MNHQ have commented on this thread.

Gatekeeper Thu 05-Feb-15 13:21:49

Every female on my mother's side had/has under active thyroid and I get mine checked every year. TSH level this yr is 2.98 'all perfectly normal' says GP

However I have symptoms..hoarse voice, constipation, joint stiffness, lack of co-ordination pins and needles, feeling like something is stuck in my throat, v. v. tired, zero libido etc etc. I can't shift my excess weight no matter what i do and I feel crap

Cannot afford to go private at all but how can i persuade my GP to prescribe when their guidelines say they don't have to ?

honeysucklejasmine Thu 05-Feb-15 13:24:17

Honestly I don't think you can. If TSH is normal then prescribing could risak hyperthyroidism, which is quite dangerous.

However, I would be taking these other symptoms to him, preferably with a diary of when you experienced them and how severe. Insist on them looking in to it.

DeliciousIrony Thu 05-Feb-15 13:31:34

No personal experience but I am also considering going to doctor's for similar symptoms.

ThyroidUK say: "Many doctors only do the TSH test. However, some doctors believe that all the tests need to be done i.e. TSH, FT4, FT3, TPO and TgAb. This will ensure that other thyroid problems are not missed", so maybe worth asking to see a different GP and asking for these to be done? Keep a log of your symptoms that you can bring with you to help your case.

They also say: "Ask your doctor to check your B12, folate, ferritin and Vitamin D levels as deficiencies of any one of these could be a reason for your ill health" (and can produce similar symptoms to hypothyroidism).

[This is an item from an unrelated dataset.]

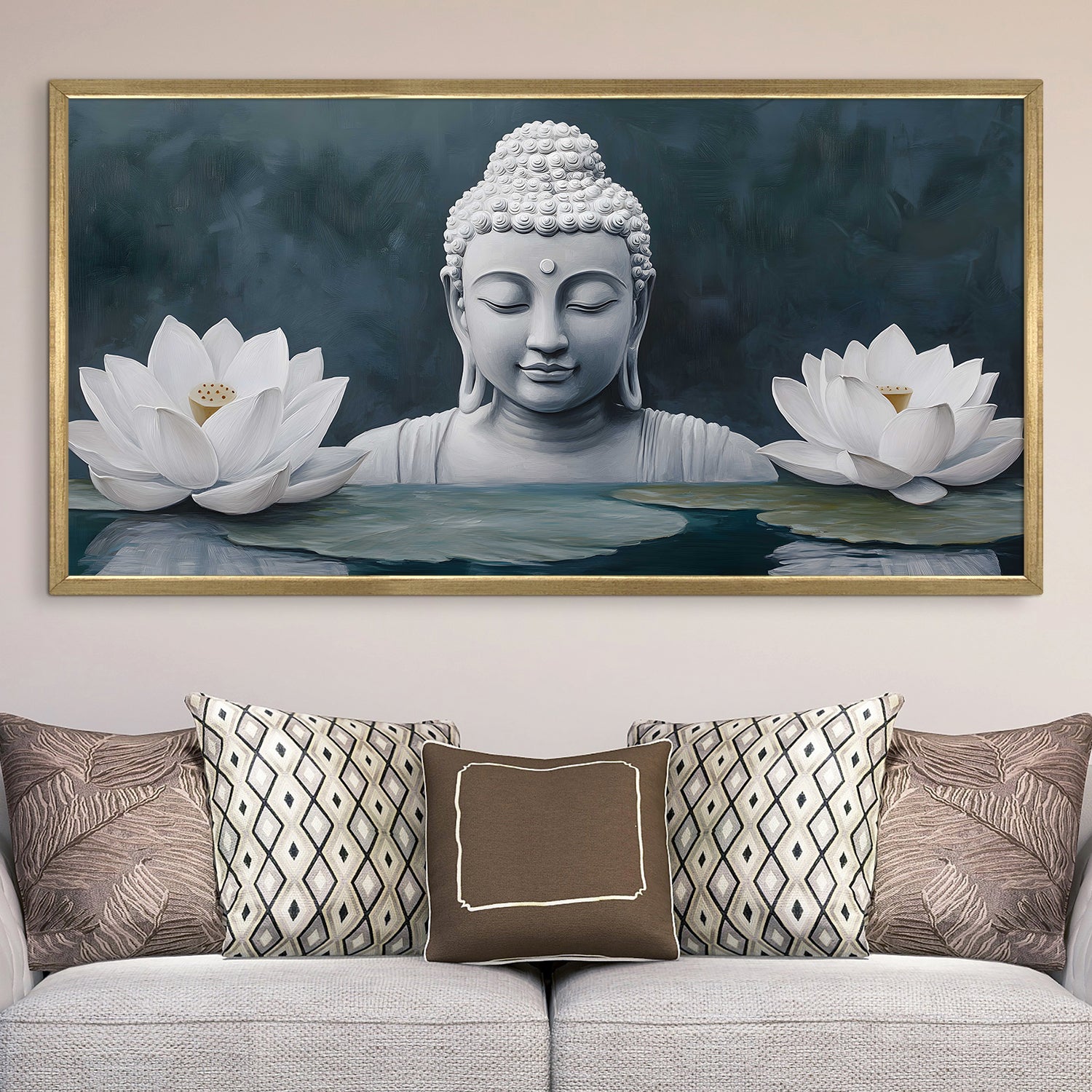 • Serene Buddha Artwork: Elegant Buddha painting surrounded by lotus flowers, symbolizing peace, harmony & positivity for home and meditation decor.

SirVixofVixHall Thu 05-Feb-15 13:34:01

A bleak exhaustion, everything a huge effort, no enthusiasm. Palpitations, aches and pains, hair falling out. Raised liver enzymes, puffy eyes, fluid retention generally, weight gain. What another mumsnetter rather brilliantly described as "numb apathy". Always cold, and unable to warm up easily after getting chilled. Rather grumpy.
Have your bloods taken early in the morning, as TSH levels vary throughout the day. Has your blood been tested for antibodies? I had symptoms for a decade before I was put on meds, even though at times my TSH had been far too high, and no-one in a decade had tested me for antibodies. If you have antibodies then your symptoms might be taken more seriously and you can argue for more regular tests. Ideally TSH should be around 2 or slightly under. According to the private doc I saw over 2.5 suggests that things aren't working all that well and will get worse. Good luck!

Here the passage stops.